- What you have to do
Only the lines below between the ones containing "- The tower" and "Funda de Cuero", inclusive, are to be reproduced, each exactly as it stands.

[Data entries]
▼
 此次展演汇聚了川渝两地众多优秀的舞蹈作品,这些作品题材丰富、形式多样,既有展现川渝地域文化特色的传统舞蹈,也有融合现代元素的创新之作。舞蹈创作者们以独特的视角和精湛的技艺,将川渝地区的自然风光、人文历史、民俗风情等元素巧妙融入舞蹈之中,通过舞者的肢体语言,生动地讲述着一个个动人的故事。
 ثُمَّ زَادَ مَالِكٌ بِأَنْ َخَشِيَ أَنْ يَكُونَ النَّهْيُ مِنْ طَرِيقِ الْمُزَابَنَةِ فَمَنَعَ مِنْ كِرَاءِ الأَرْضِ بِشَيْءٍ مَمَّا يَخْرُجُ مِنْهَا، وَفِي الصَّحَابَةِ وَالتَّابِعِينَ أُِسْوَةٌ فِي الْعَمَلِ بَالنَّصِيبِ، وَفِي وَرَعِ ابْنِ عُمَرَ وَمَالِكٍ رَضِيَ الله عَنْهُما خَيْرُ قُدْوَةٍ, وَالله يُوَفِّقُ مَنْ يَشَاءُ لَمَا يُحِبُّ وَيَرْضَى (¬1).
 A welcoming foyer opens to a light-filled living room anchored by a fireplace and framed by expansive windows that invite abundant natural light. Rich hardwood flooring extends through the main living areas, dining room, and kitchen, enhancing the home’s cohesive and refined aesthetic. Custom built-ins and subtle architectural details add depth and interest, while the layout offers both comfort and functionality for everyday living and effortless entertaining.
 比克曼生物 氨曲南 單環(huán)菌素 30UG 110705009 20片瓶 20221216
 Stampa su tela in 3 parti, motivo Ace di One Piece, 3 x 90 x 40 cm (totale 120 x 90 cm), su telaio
▲
▼
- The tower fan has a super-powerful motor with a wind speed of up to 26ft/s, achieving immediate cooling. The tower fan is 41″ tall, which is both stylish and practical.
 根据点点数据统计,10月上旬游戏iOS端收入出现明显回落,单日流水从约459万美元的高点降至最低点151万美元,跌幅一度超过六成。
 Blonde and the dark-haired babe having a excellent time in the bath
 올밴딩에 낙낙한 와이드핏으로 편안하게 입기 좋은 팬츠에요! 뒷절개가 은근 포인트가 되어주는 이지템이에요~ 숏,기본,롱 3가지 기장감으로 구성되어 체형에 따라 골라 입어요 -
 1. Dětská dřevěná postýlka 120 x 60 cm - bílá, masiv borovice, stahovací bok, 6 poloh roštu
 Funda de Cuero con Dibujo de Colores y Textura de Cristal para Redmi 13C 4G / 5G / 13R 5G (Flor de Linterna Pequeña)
▲
- Solution to this problem
- The tower fan has a super-powerful motor with a wind speed of up to 26ft/s, achieving immediate cooling. The tower fan is 41″ tall, which is both stylish and practical.
 根据点点数据统计,10月上旬游戏iOS端收入出现明显回落,单日流水从约459万美元的高点降至最低点151万美元,跌幅一度超过六成。
 Blonde and the dark-haired babe having a excellent time in the bath
 올밴딩에 낙낙한 와이드핏으로 편안하게 입기 좋은 팬츠에요! 뒷절개가 은근 포인트가 되어주는 이지템이에요~ 숏,기본,롱 3가지 기장감으로 구성되어 체형에 따라 골라 입어요 -
 1. Dětská dřevěná postýlka 120 x 60 cm - bílá, masiv borovice, stahovací bok, 6 poloh roštu
 Funda de Cuero con Dibujo de Colores y Textura de Cristal para Redmi 13C 4G / 5G / 13R 5G (Flor de Linterna Pequeña)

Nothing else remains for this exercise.